Running InstructPix2Pix
Install diffusers and relevant dependencies:
!pip install diffusers accelerate safetensors transformers
Load the model, image and edit the image:
import PIL
import requests
import torch
from diffusers import StableDiffusionInstructPix2PixPipeline, EulerAncestralDiscreteScheduler
model_id = "timbrooks/instruct-pix2pix"
pipe = StableDiffusionInstructPix2PixPipeline.from_pretrained(model_id, torch_dtype=torch.float16, safety_checker=None)
pipe.to("cuda")
pipe.scheduler = EulerAncestralDiscreteScheduler.from_config(pipe.scheduler.config)
url = "https://raw.githubusercontent.com/timothybrooks/instruct-pix2pix/main/imgs/example.jpg"
def download_image(url):
image = PIL.Image.open(requests.get(url, stream=True).raw)
image = PIL.ImageOps.exif_transpose(image)
image = image.convert("RGB")
return image
image = download_image(url)
prompt = "add classic black cooling glasses"
images = pipe(prompt, image=image, num_inference_steps=10, image_guidance_scale=1).images
images[0]
How is different From ControlNet?
ControlNet is focused on generating new images based on certain pre-set conditions. While Instruct Pix2Pix is focused on editing existing images based on text instructions. Both can be used together for a more controlled and specific image generation and editing process.

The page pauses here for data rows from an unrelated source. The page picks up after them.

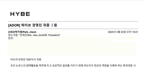 하이브는 박지원 최고경영자(CEO) 명의로 민 대표에게 보낸 메일 기록도 공개하며 "아티스트를 볼모로 회사를 협박하고 있는 쪽은 민 대표"라고 강한 어조로 비판했다.
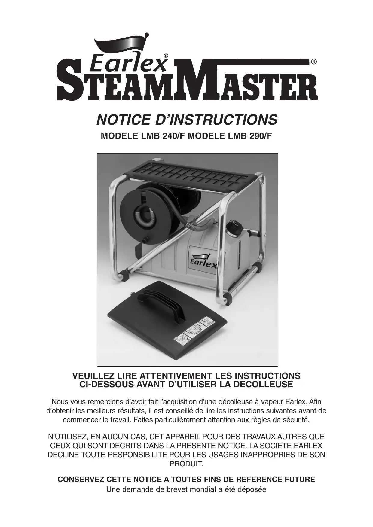 MODE D'EMPLOI STEAMMASTER LMB 240F EARLEX
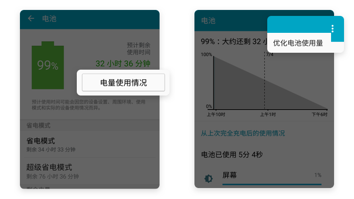 【电池】→【电量使用情况】→【右上角圆点】

Both ControlNet and Instruct Pix2Pix provide additional control and flexibility in the image generation and editing process. The choice between the two depends on the specific task at hand.
Conclusion
The article explains the InstructPix2Pix model paper and its implications in a simple way. It is good at following general image editing instructions, but it might break when complex instructions are passed.
InstructPix2Pix model uses data generated from stable diffusion for training. So, the quality of images generated by the InstructPix2Pix model is similar to its training data. A ControlNet training setup might improve the performance of the model and the quality of training data can be further improved to boost performance.